Os ventos fortes que alimentavam as chamas fizeram‑nas propagar‑se “mais depressa do que um cavalo a galope”, alertou, avisando que a situação continua “extremamente precária”.
“Mantemos a cautela, porque o combate continua”, acrescentou.
França combate há semanas incêndios florestais após uma série de ondas de calor mortais que secaram leitos de rios e vegetação, fenómenos meteorológicos extremos que os cientistas associam às alterações climáticas provocadas pelo homem.
Em todo o país, a polícia deteve 308 pessoas em ligação com os incêndios, das quais 33 permanecem sob custódia.
Espanha: incêndios reacendem‑se
Espanha continua a enfrentar vários incêndios florestais após o levantamento do estado de emergência nacional declarado na quinta‑feira.
Em Zamora, no nordeste de Espanha, o incêndio em Fermoselle (11 134 hectares ardidos) reacendeu‑se no sábado perto de Mámoles, mas foi controlado graças ao envio de sete helicópteros e três aviões, e os residentes já regressaram às suas casas.
A situação agrava‑se em Leão, com um novo foco em San Tirso, além dos de Veguellina (onde três aldeias foram evacuadas) e Valdelaloba, este último a mostrar uma evolução favorável.

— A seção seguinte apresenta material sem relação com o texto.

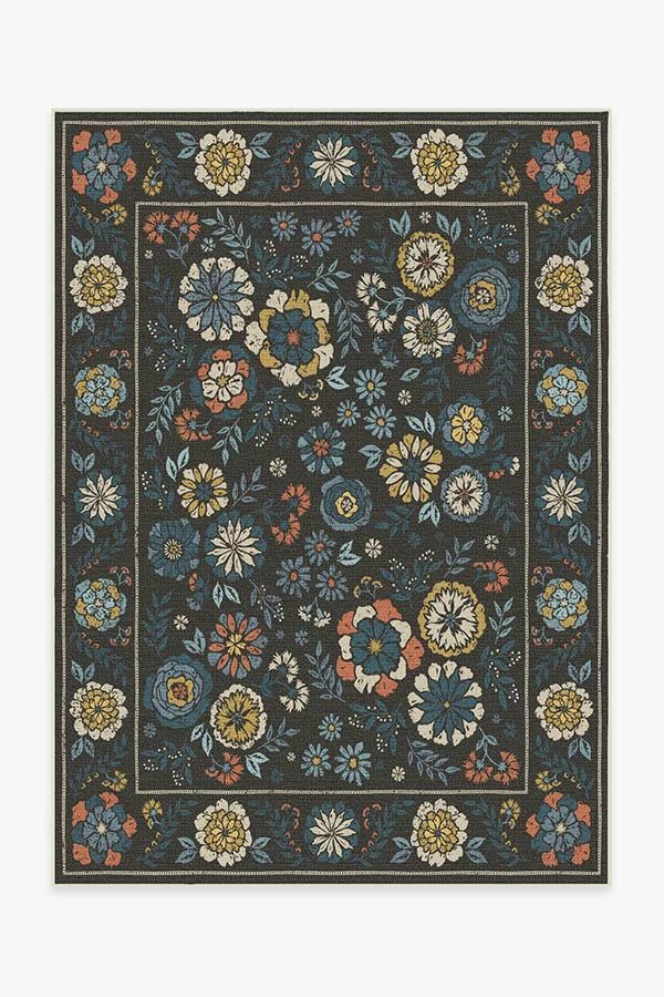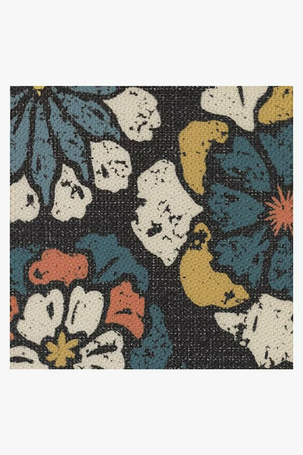 Fun and floral. This colorful outdoor rug features spring flowers in shades of teal, mustard yellow, and terracotta on a black background. Its durable, machine-washable material is perfect for high-traffic areas both outdoors and indoors.

Em Cáceres, o incêndio de um camião na autoestrada A‑66 provocou um fogo florestal que levou ao desalojamento preventivo de 150 pessoas em Grimaldo e 650 em Casas de Millán.
No domingo, foi‑lhes permitido regressar, embora tenham sido obrigadas a permanecer em casa, depois de cerca de 1 500 hectares terem ardido.
Os grandes incêndios na região da Sierra Oeste de Madrid e de Ávila (que abrangem mais de 70 mil hectares) mantêm‑se sob controlo.
Por fim, na região oriental de Castellón, o incêndio em Vall d’Uixó foi estabilizado ao sétimo dia, com 9 568 hectares ardidos e todos os residentes retirados já realojados. A Guarda Civil suspeita que poderá ter sido provocado de forma deliberada, depois de detetar duas fontes de ignição distintas.
Entre 1 de janeiro e 2 de agosto de 2026, arderam 186 544 hectares de floresta em Espanha, segundo dados provisórios divulgados este domingo pelo Ministério para a Transição Ecológica e o Desafio Demográfico.
Em toda a União Europeia, os incêndios queimaram cerca de 485 mil hectares desde o início do ano, o equivalente a metade da superfície de Chipre.